* _Input_:
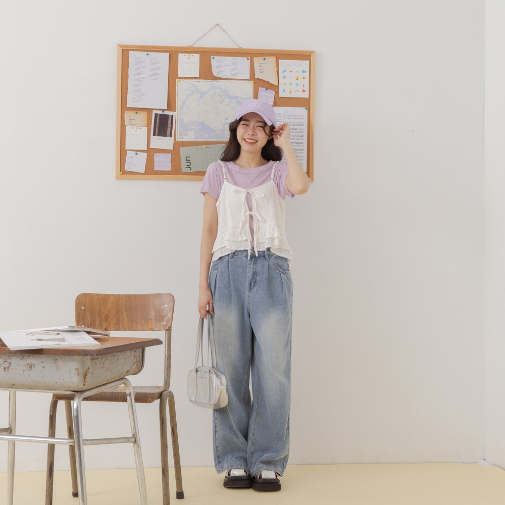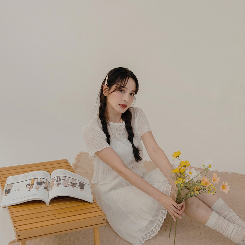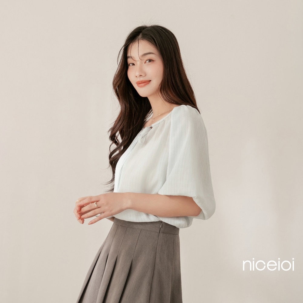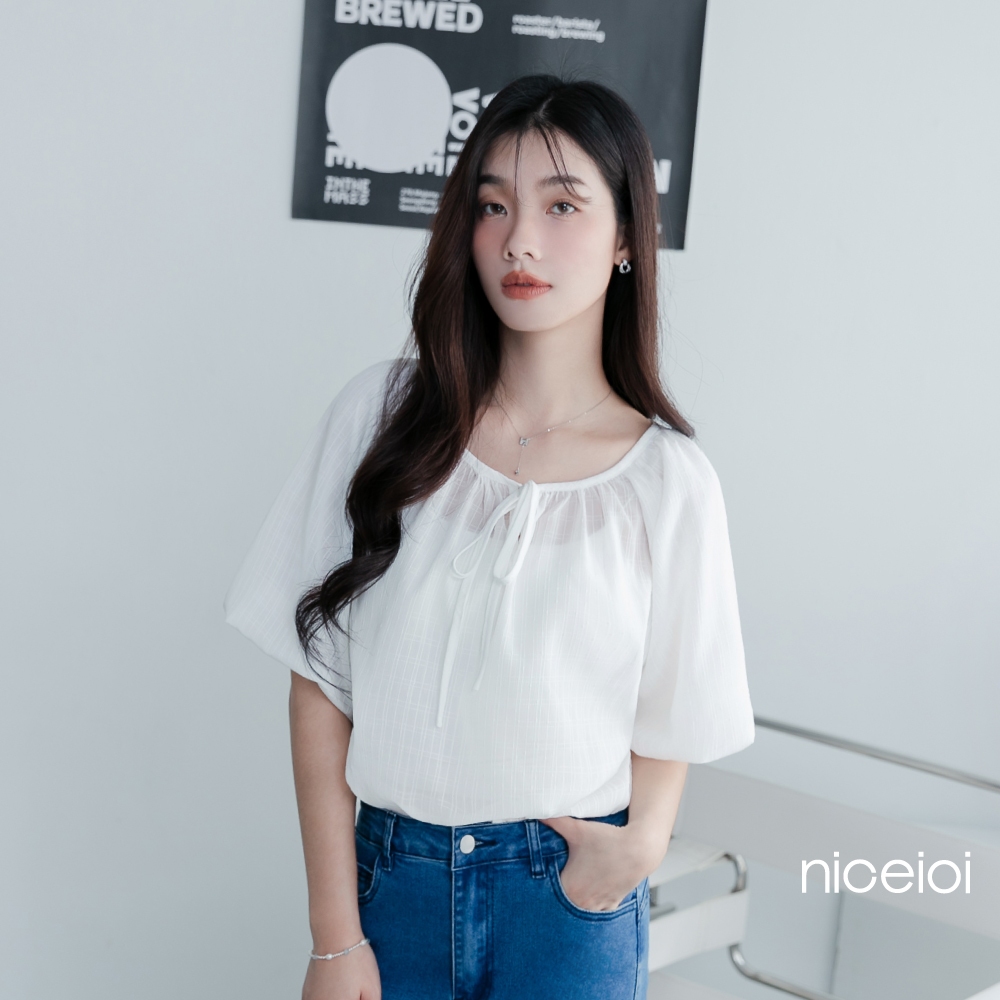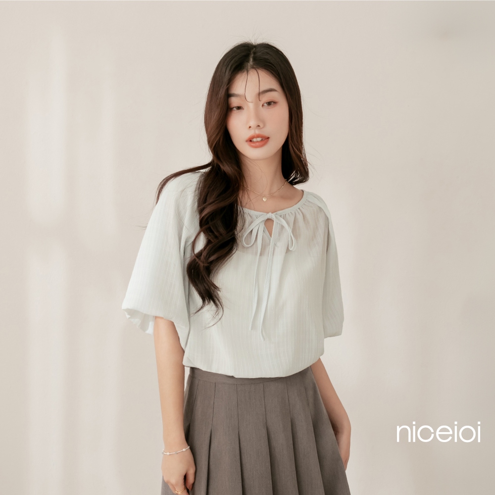 niceioi【特惠】靚麗綁帶格紋緹花上衣 (共3色) 女裝白,F|粉,F|藍綠,FT-shirtsniceioi 官方旗艦店
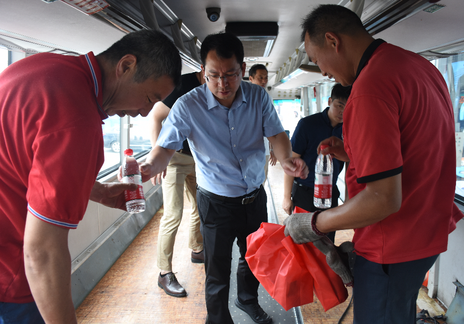 為認真貫徹落實習(xí)近平總書記關(guān)于安全生產(chǎn)工作的重要指示精神,扎實做好夏季安全生產(chǎn)工作,保障廣大職工在生產(chǎn)過程中的安全和健康,7月22日中午,市交通產(chǎn)業(yè)集團副總經(jīng)理、揚汽集團黨委書記、董事長龔宇峰利用午休時間到修理廠,對奮戰(zhàn)在高溫一線,加班加點趕制新冠疫苗接種服務(wù)車的職工進行慰問。
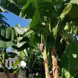 紫苞芭蕉形如一枝亭亭玉立、含苞待放的荷花,但却开在高高的芭蕉树上,这就是紫苞芭蕉。
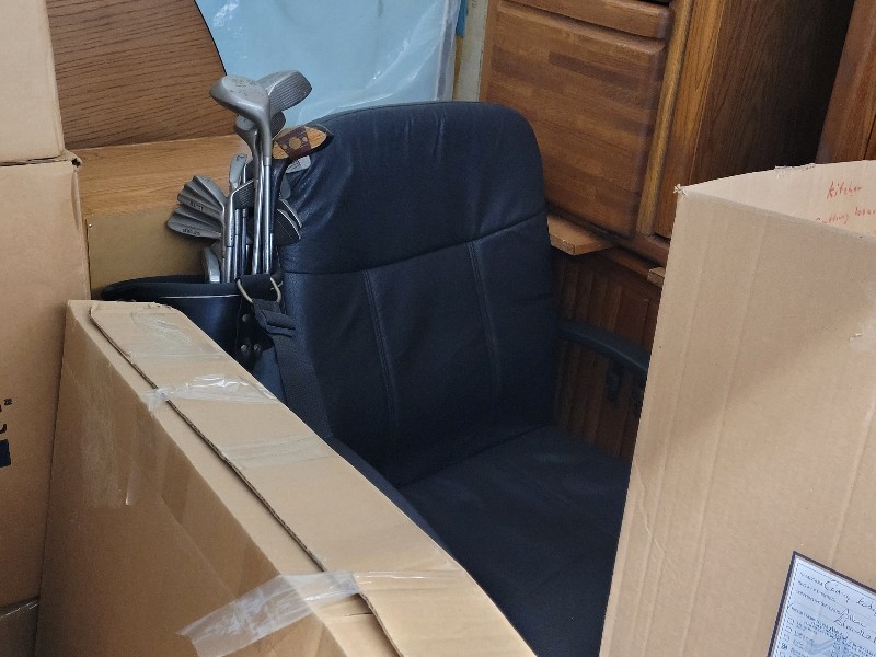 Wooden cabinets, king size bed with box spring, golf clubs, computer, keyboard, tool box, black chair, wicker basket, clothes, entertainment center, speakers, table.
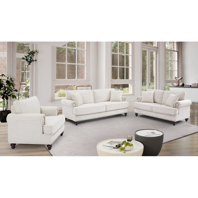 Living Room Furniture, Modern 3-Piece Including Three-Seater, Loveseat and Single Chair,Chenille modern Upholstered Sofa Set, White W1708S00026
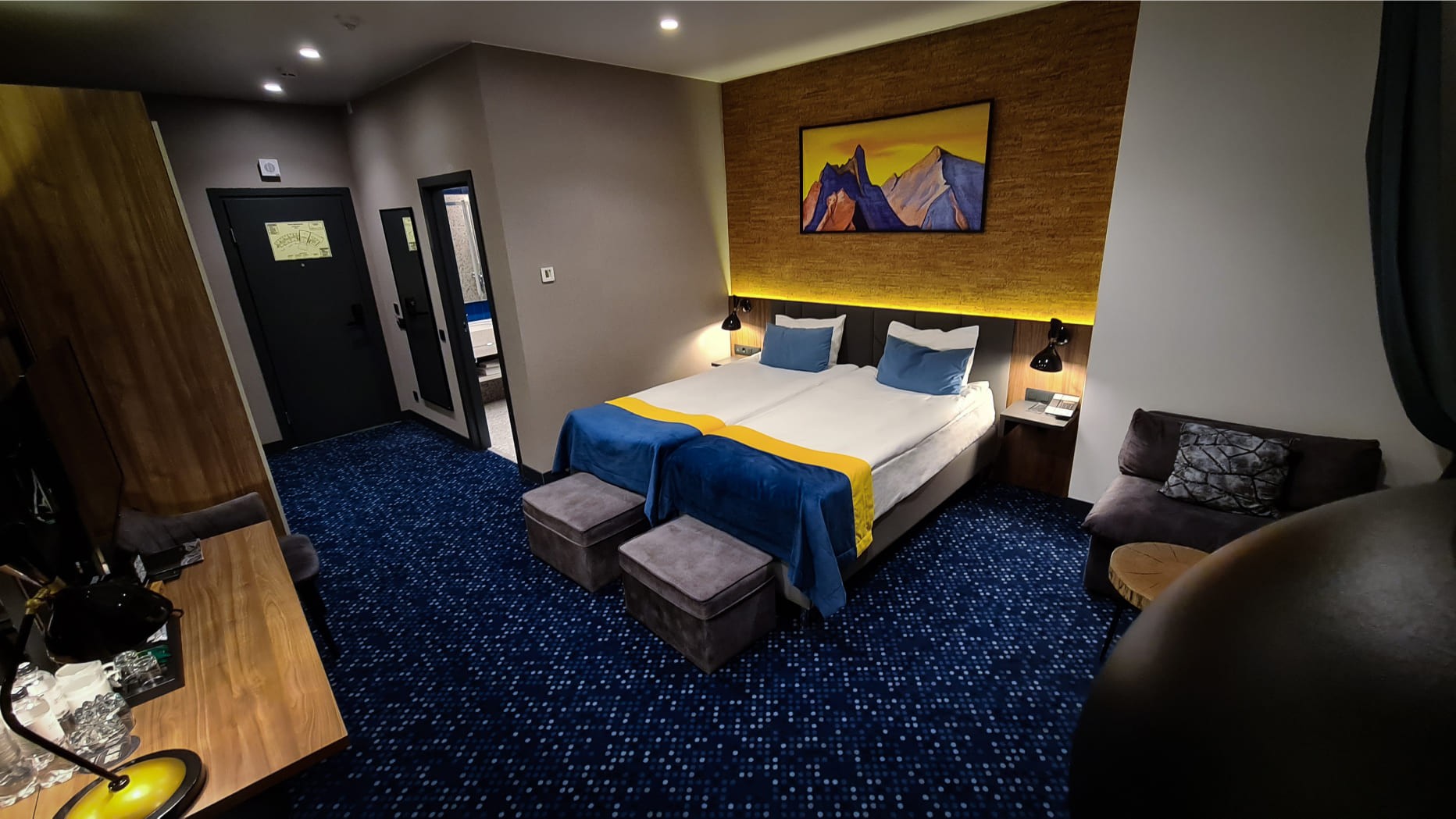 Номер выполнен в современном Loft-стиле и оснащен всем необходимым для комфортного пребывания: мини-бар, сейф, теплый пол, сушилка для ботинок, базовые комплекты гигиенических средств и пр. Есть возможность разместить доп. место. В номере присутствует регулировка температуры с помощью системы "умный дом".
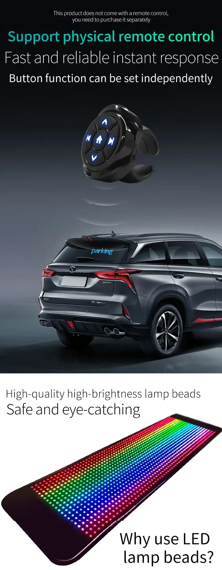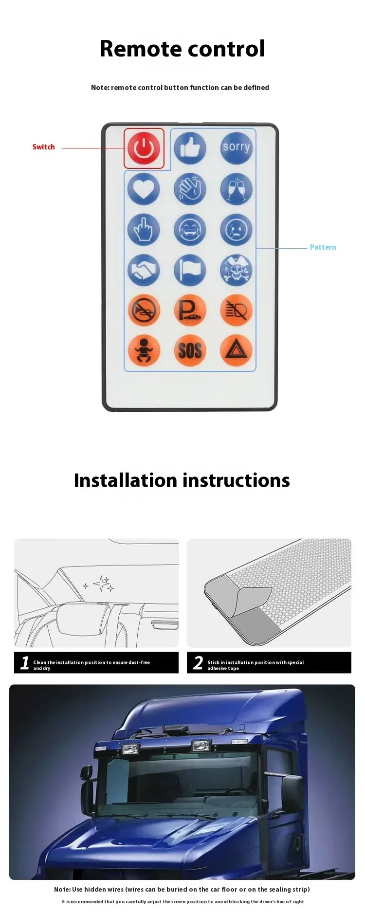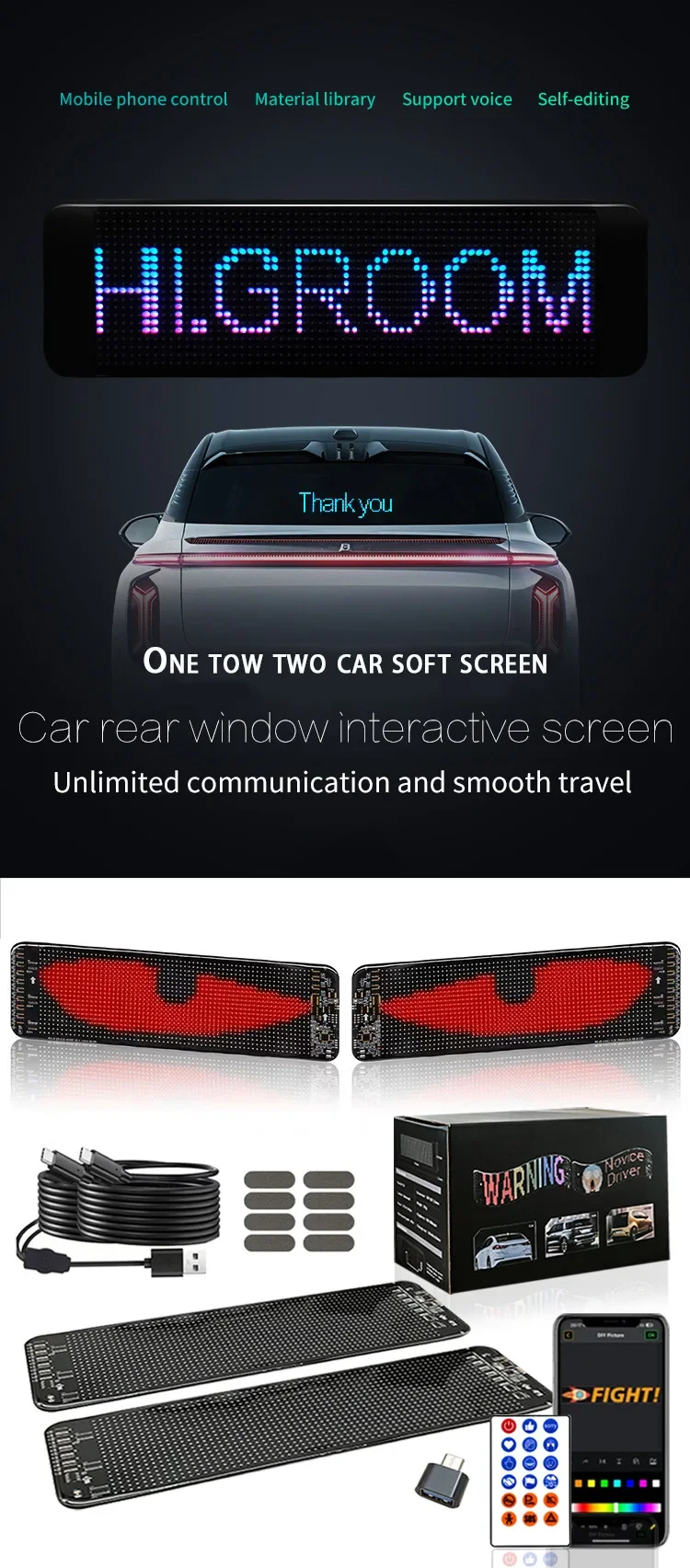 【High-quality and High Brightness】This programmable LED sign for car windshield is a 16 X 32 pixel full-color LED display. The high-quality LED car sign can not only emit high-intensity light, but also has low power consumption, and the full-color effect is brighter and soft without glare.

* _Required work_:
An exact copy is required of the lines from the start of the records above through the line with "Living Room Furniture, Modern", and only those, without any pictures.

* _Reply_:
 niceioi【特惠】靚麗綁帶格紋緹花上衣 (共3色) 女裝白,F|粉,F|藍綠,FT-shirtsniceioi 官方旗艦店
 為認真貫徹落實習(xí)近平總書記關(guān)于安全生產(chǎn)工作的重要指示精神,扎實做好夏季安全生產(chǎn)工作,保障廣大職工在生產(chǎn)過程中的安全和健康,7月22日中午,市交通產(chǎn)業(yè)集團副總經(jīng)理、揚汽集團黨委書記、董事長龔宇峰利用午休時間到修理廠,對奮戰(zhàn)在高溫一線,加班加點趕制新冠疫苗接種服務(wù)車的職工進行慰問。
 紫苞芭蕉形如一枝亭亭玉立、含苞待放的荷花,但却开在高高的芭蕉树上,这就是紫苞芭蕉。
 Wooden cabinets, king size bed with box spring, golf clubs, computer, keyboard, tool box, black chair, wicker basket, clothes, entertainment center, speakers, table.
 Living Room Furniture, Modern 3-Piece Including Three-Seater, Loveseat and Single Chair,Chenille modern Upholstered Sofa Set, White W1708S00026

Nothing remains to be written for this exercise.